Introduction of GST
Most revolutionising tax reform in Indian taxation history. GST was launched with effect from 1st July 2017 by Shri Narendra Modi, hon’ble Prime Minister of India in the presence of Shri Pranab Mukherjee the then President of India.
The Government of India, following the credo of ‘One Nation & One Tax’ and wanting a unified market in order to ensure the smooth flow of goods across the country implemented the goods and services (GST) from 1st July 2017.
GST is a destination based single tax on the supply of goods and services from the manufacturer to the consumer and has replaced multiple indirect taxes levied by the central & state government thereby converting the country into a unified market.

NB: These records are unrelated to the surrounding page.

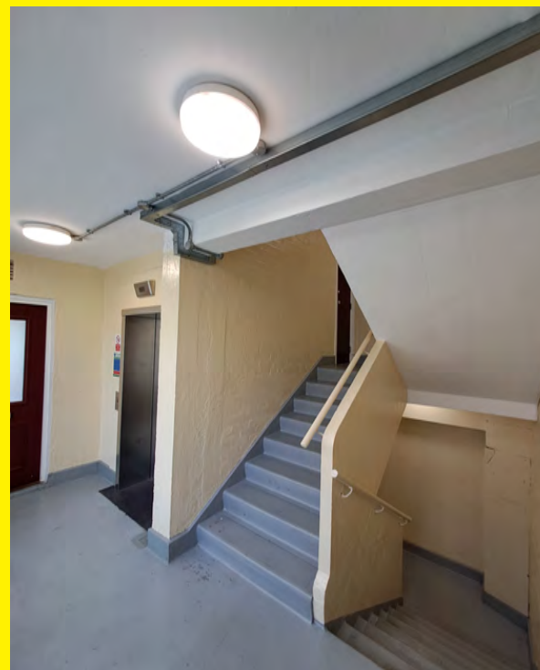
Emergency lighting at Park View House

Emergency lighting provides illumination in instances where mains power may have failed. It illuminates escape routes, emergency exit/s and firefighting equipment. It will provide illumination to signage and provide sufficient lighting to help you to escape.
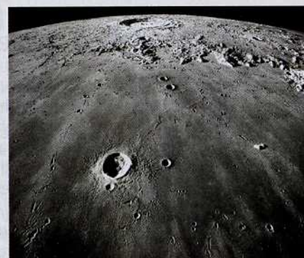
pages 365 &amp; 400
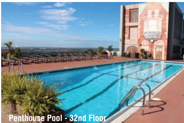
Penthouse Pool - 32nd Floor
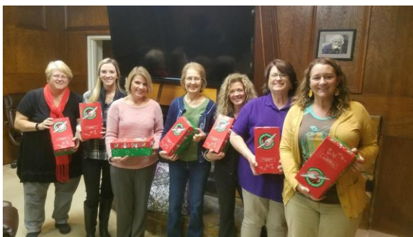
Beta Lambda completes 18 Christmas Boxes for Operation Christmas Child
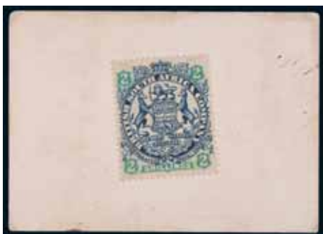
4334* South Africa , Mataberland, Marshall Hole postage stamp money, Bulawayo, 1st August, 1900, two shillings, postage stamp type A, oval hand stamp type II (P.S666b). Very fine.
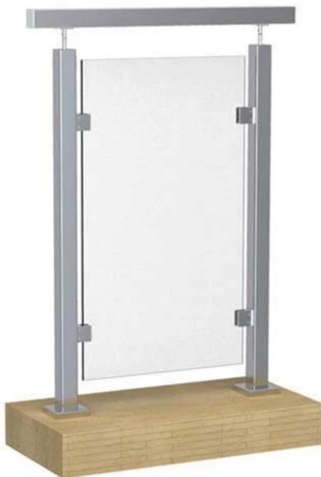
4. Stainless Steel Short Standoff Post & Handrail design :
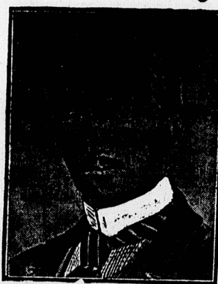
SIGNOR MARCONI Of Wireless Telegraphy Fame.
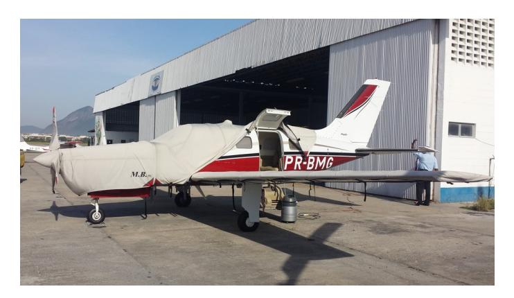
Piper Malibu/Mirage Extended Canopy Cover, Engine, Prop & Wing Covers
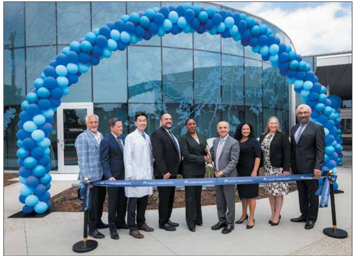
Staff and executive officials cuts the ribbon on Kaiser Permanente's new Bellflower Radiation Oncology Center on Friday, April 19.

My conclusions? While the major scientific professional organizations we rely on state that no harmful effects have been shown, we all can decide for ourselves. The only sure strategy to avoiding any potential harm is to stop using these products, choosing only natural products that are free of phthalate, paraben, triclosan, and fragrance. Personally, these issues do not unduly concern me.
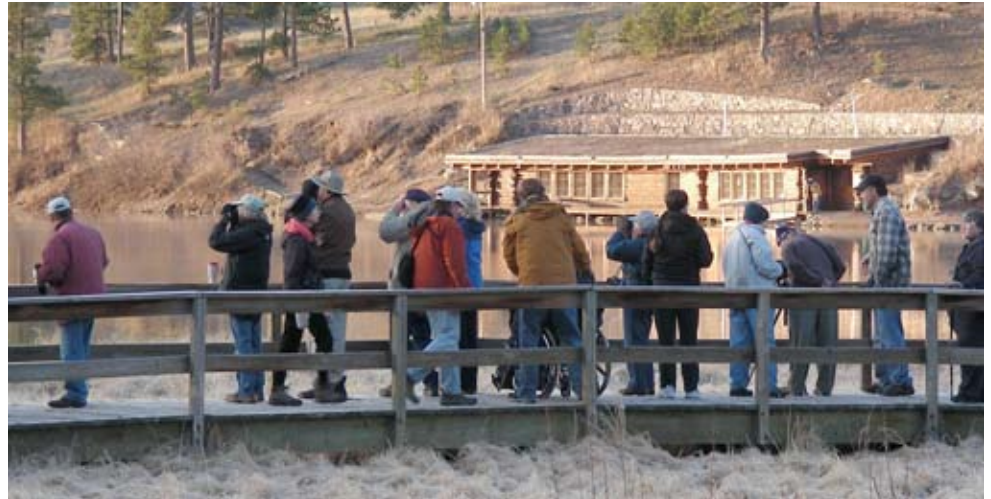
Early birders on the Evergreen Lake boardwalk search for birds at the Dawn Chorus.

Temps were in the low 30s to start and ended at 56 degrees at 9:15. 2008 was a record for our counts, both for humans and avian species. Never before have our numbers been so high for either!
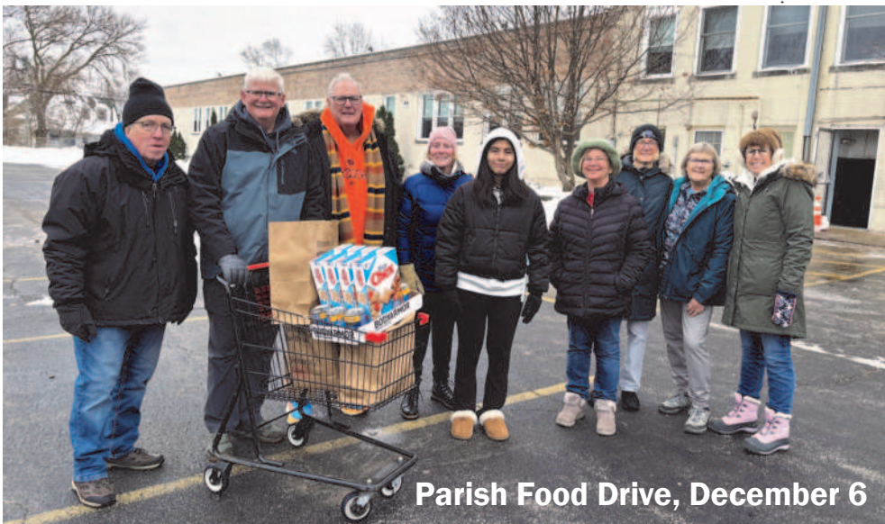
Parish Food Drive, December 6
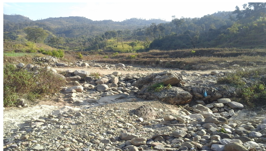
Caption:longitudinal section from downstream
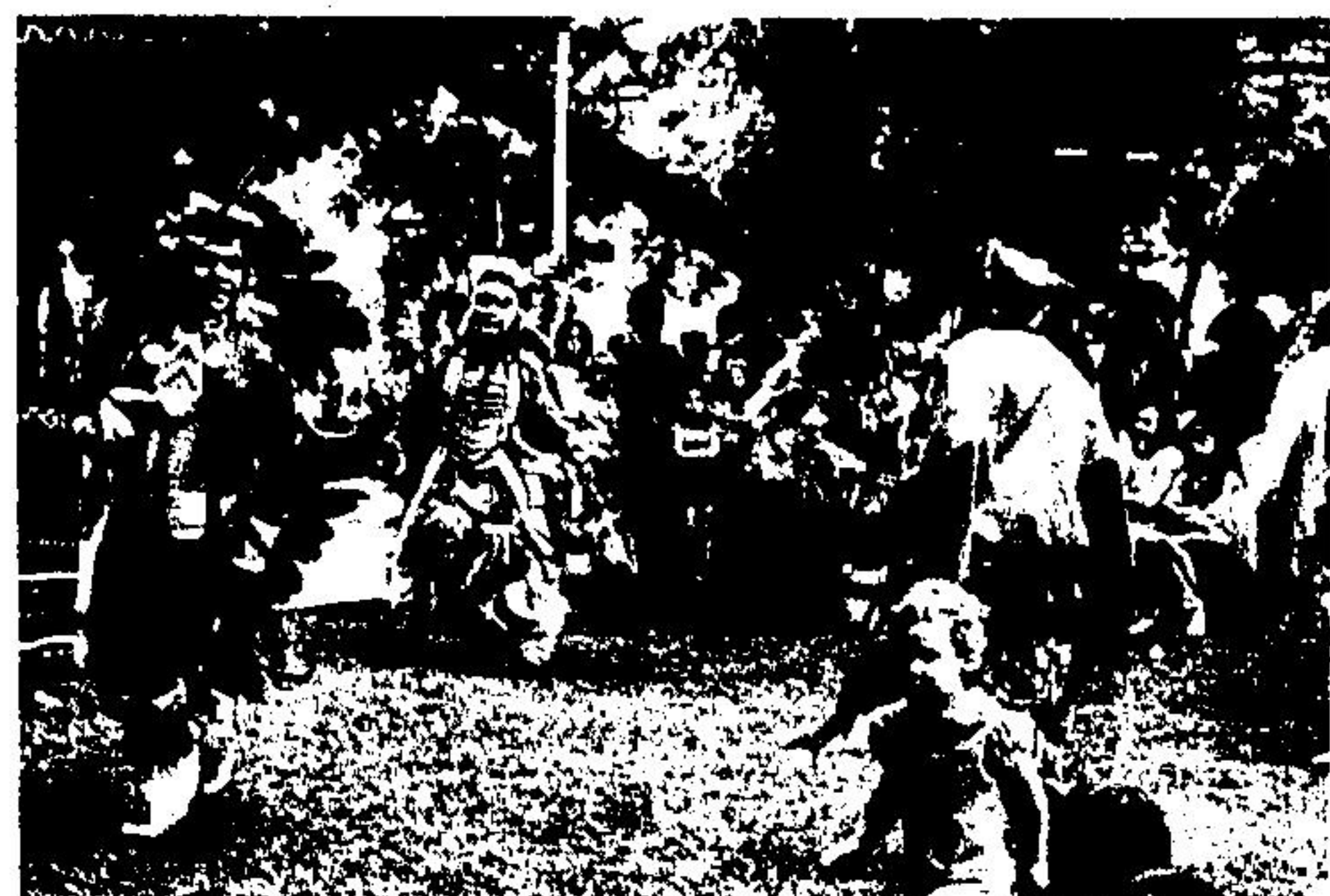
Bird Dance by Native Peoples
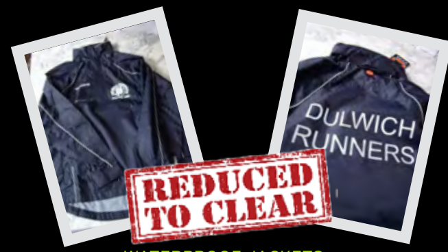
WATERPROOF JACKETS LIMITED STOCK - only £10 each Only 2 Xlarge left
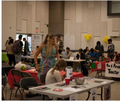
C&A Week, Fall 2017
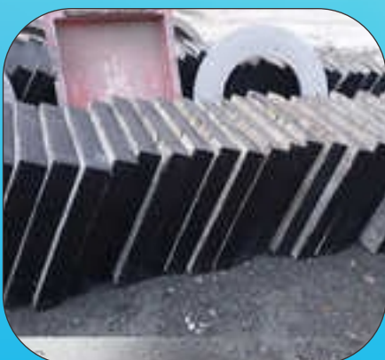
Rcc Square Manhole Set
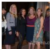
Exposure North Jersey and...
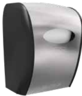
Stainless | D68004
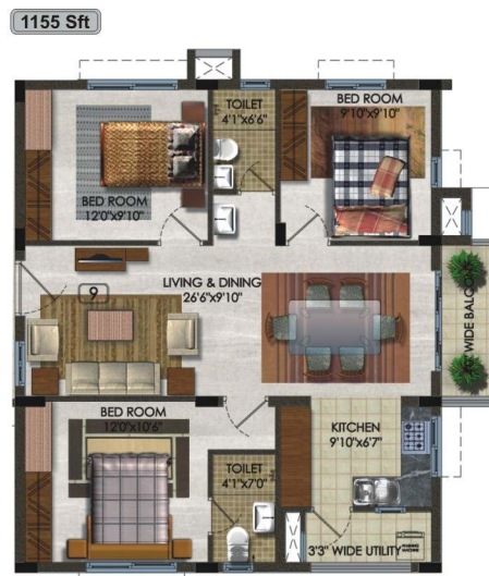
3 BHK - West Facing - 1155 Sft
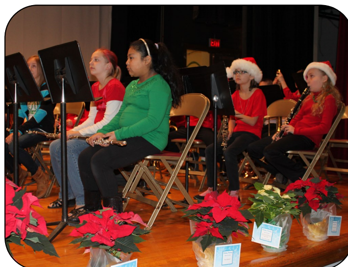
Elementary Band members warm up for the Pratt Elementary Holiday Concert.
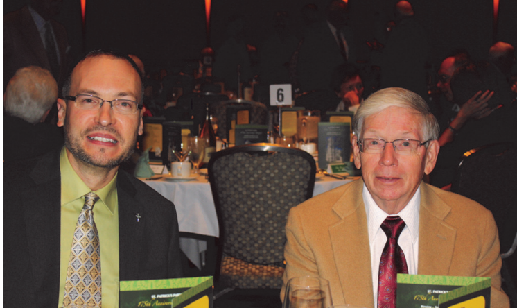
See more photos at our gallery online!
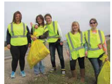
NHS members picked up area road ditches in October as part of their community service.
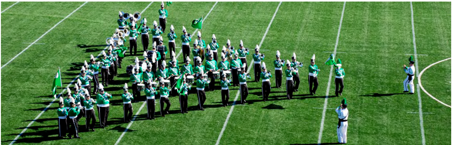
2007. Above: Shows part of the drill for “Paint Your Wagon” at the DCA Alumni Spectacular in Rochester, NY. Below: Formal corps photo – Rochester.
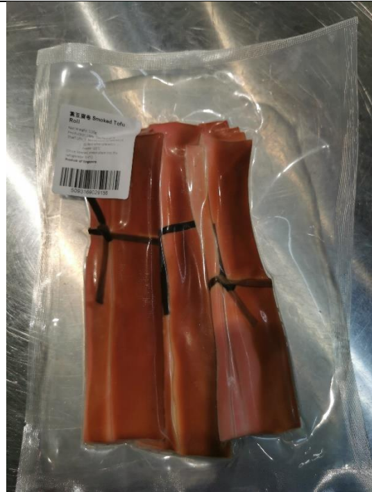
Smoked Tofu Rolls
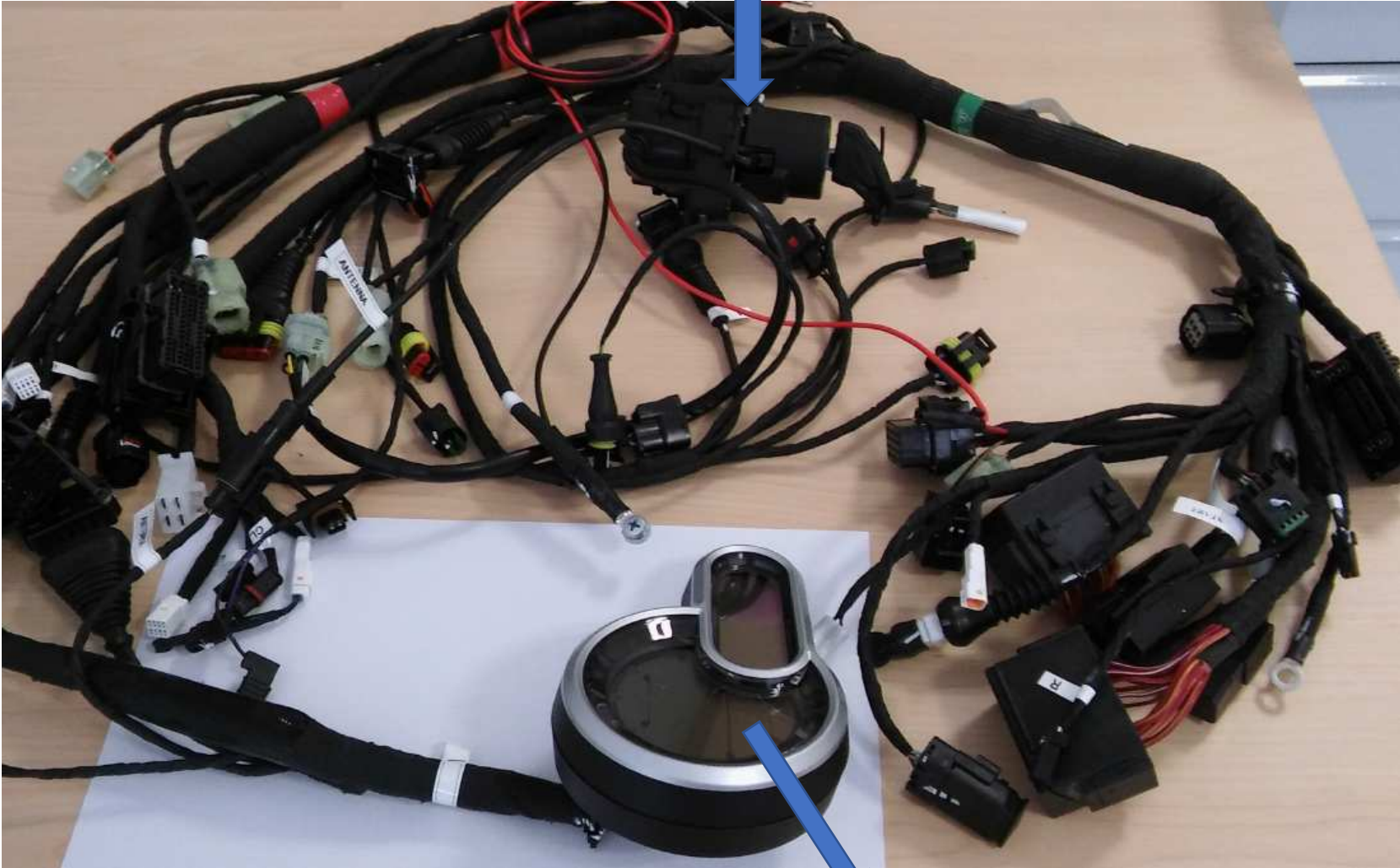
View dashboard+cabling+ ignition switch containing antenna
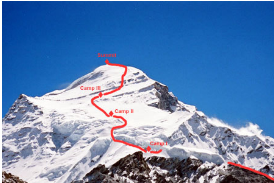
Cho Oyu – the Turquoise Goddess
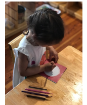
Violeta's calm environment is perfect for me to work undisturbed & free from distractions!

Living into Violeta's Principle of a seamless learning community, connecting home and Violeta, we invite you to use the language that will give daily support to the growth and development of all our children in Violeta.
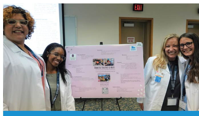
2022 SERVICE-LEARNING SYMPOSIUM
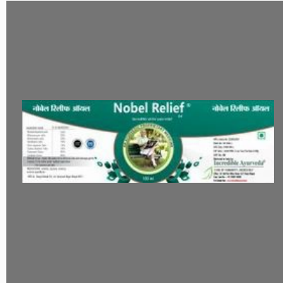
Nobel Relief Oil
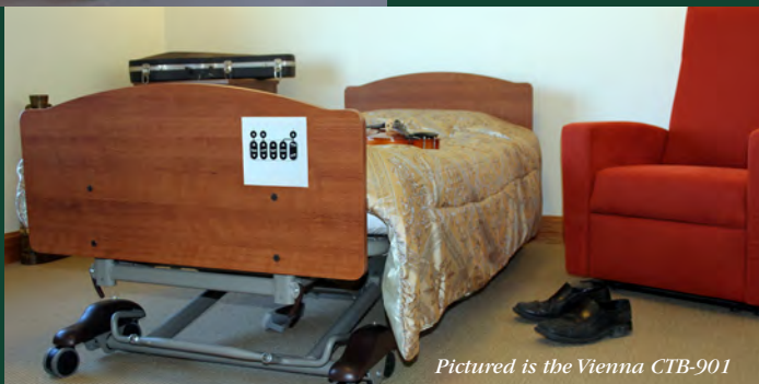
Pictured is the Vienna CTB-901

The Bonn CTB-301 and the Salzburg CTB-601 share the same frame which includes width adjustment to 42 inches. Both are suitable for assisted living and long-term care use. They come standard with wall bumpers, roll at any height convenience and 450 lb. weight capacity. The Salzburg has the added capability of a one step floor lock and options that include battery back-up and a footboard staff control with a resident lock-out feature.
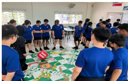
Sec 2 StaRs in a giant game of Snake & Ladders
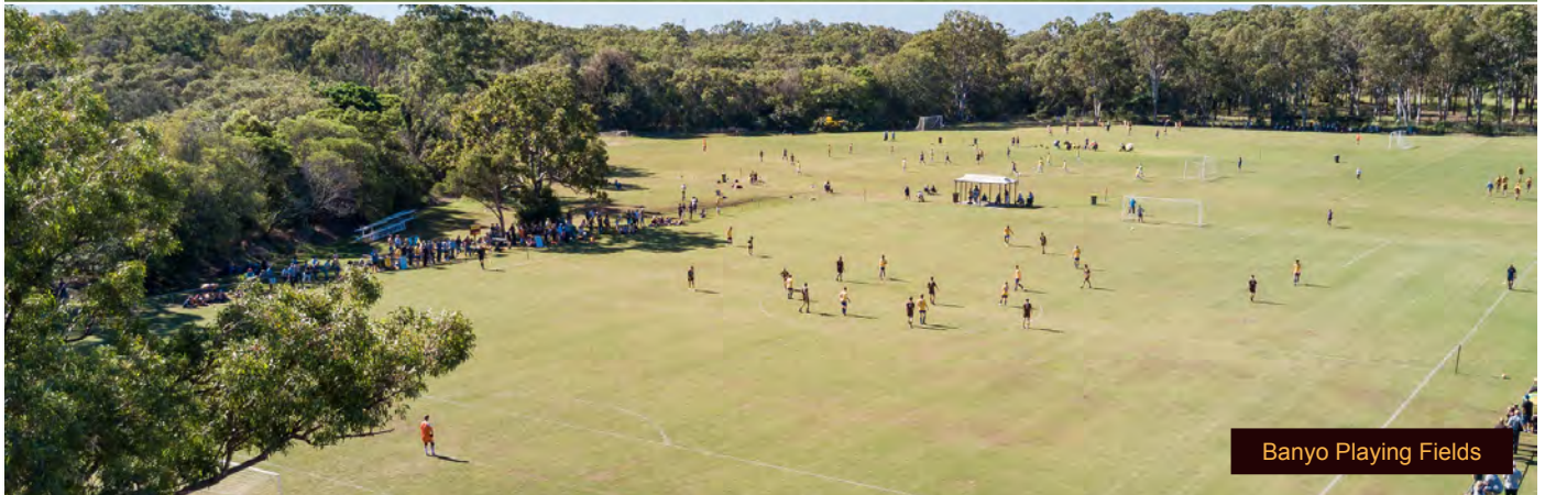
Banyo Playing Fields
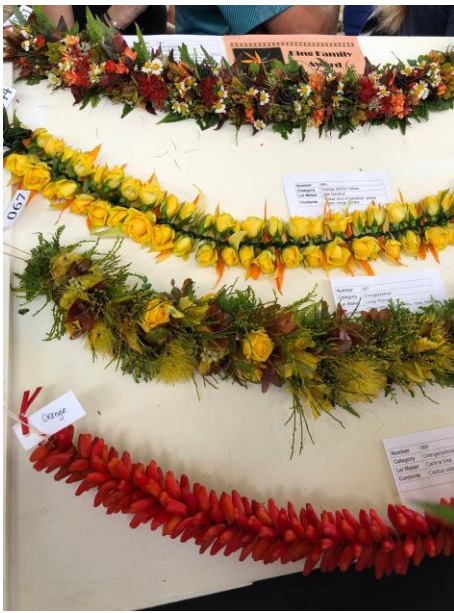
2019 Annual Lei Contest Entries ↑
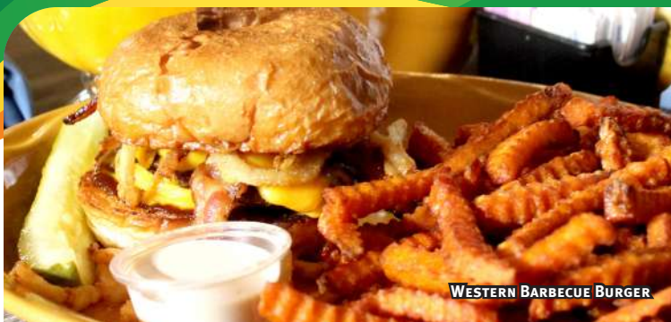
WESTERN BARBECUE BURGER
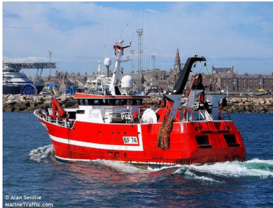
Table 4 - Tranquillity S Guard Vessel

Aim or Purpose or Benefit of GST
- To make life easier for manufacturers, producers, investors and consumers.
- Other benefits – GST is expected to improve the ease of doing business in tax compliance, reduce the tax burden by eliminating tax on tax improve tax administration, mitigate tax evasion, broaden the organization segment of the economy and boost tax revenues.
- Tax is a source of revenue for growth also it plays a very important role in making the state accountable to its taxpayers.
- Effective taxation ensures that public funds are effectively employed in fulfilling social objectives for sustainable development.
How GST Implemented in India
The GST has replaced 17 indirect taxes (8 Central + 9 State Level) and 23 Cesses of the Centre and the States, eliminating the need for filing multiple returns and assessment & rationalising the tax treatment of goods and services along the supply chain from producers to consumers. GST comprises Central GST (CGST) and the State GST (SGST), subsuming levies previously charged by the Central and the State Government respectively with the implementation of GST, luxury goods have become costlier, while items of mass Consumption have become cheaper. Tax liability arises when the taxable person crosses exemption limit i.e., 20 lakhs.
GST (CGST + SGST) is charged at each stage of value addition and the supplier off sets the levy on inputs in the previous stages of value chain through the tax credit mechanism. The last dealer in the supply chain passes on the added GST to consumer, making GST a destination-based consumption tax.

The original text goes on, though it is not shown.